Compiled by Patrick Moulin

Thu. 9 Get a scoop and save a pooch from 4-8 p.m. today at Atomic #7 (605 Mall Ring Circle, Henderson) as it hosts a fundraiser for the Shelter Pet Rescue Network. With the purchase of a $25 ticket, you can build your own organic sundae, sample many delicious vegan treats and watch a dessert demonstration by local vegan advocate, Chef Mayra. If you’re planning to attend, consider bringing dog toys, washable beds, organic treats or nylon collars to donate. Visit ChefMayra.com for information.

Fri. 10 Redneck chick Gretchen Wilson brings her country/rock ’n’ roll thing to the Silverton hotelcasino tonight. Wilson debuted in 2004, when she won a Grammy and reached No. 1 on the Billboard country charts. Her in-your-face attitude is reflected in her newest album, I’ve Got Your Country Right Here. Tickets are $40, the music begins at 9 p.m., and the night will rock because Wilson’s “Here for the Party.”

MNF photo by Joe Faraoni

Sat. 11 If you spent high school sitting in calc class wondering when you’d ever use such seemingly worthless knowledge, tonight you may finally find an answer. Author Jennifer Ouellette will be signing copies of her new book, The Calculus Diaries: How Math Can Help You Lose Weight, Win in Vegas and Survive a Zombie Apocalypse (Penguin, $15) at 2 p.m. at Borders Town Square, (6521 Las Vegas Blvd South). Ouellette breaks down the complicated jargon and makes math entertaining by relating it to everyday applications such as playing craps and avoiding zombies. And you thought math was silly.

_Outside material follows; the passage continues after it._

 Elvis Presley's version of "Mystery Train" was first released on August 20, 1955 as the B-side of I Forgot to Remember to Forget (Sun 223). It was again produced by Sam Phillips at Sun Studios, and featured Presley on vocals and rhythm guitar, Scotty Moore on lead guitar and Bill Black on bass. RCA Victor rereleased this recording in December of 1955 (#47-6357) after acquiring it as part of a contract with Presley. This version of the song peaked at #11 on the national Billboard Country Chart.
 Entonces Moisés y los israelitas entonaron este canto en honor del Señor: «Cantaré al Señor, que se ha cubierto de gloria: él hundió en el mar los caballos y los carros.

Sun. 12 Want to get lei’d? You’ll have your chance at the 20th annual Prince Jonah Kuhio Ho’olaule’a Pacific Islands Festival this weekend at the Henderson Events Plaza, 200 S. Water St. At this celebration of all things Hawaiian, Polynesian and Tahitian, you’ll find more than 100 food and craft exhibitors, plus hula dancing, Taiko drumming and live performances on the two main stages. Admission and parking are free, and a portion of the proceeds will go to the Las Vegas Hawaiian Civic Club. Call 267-2171 for details.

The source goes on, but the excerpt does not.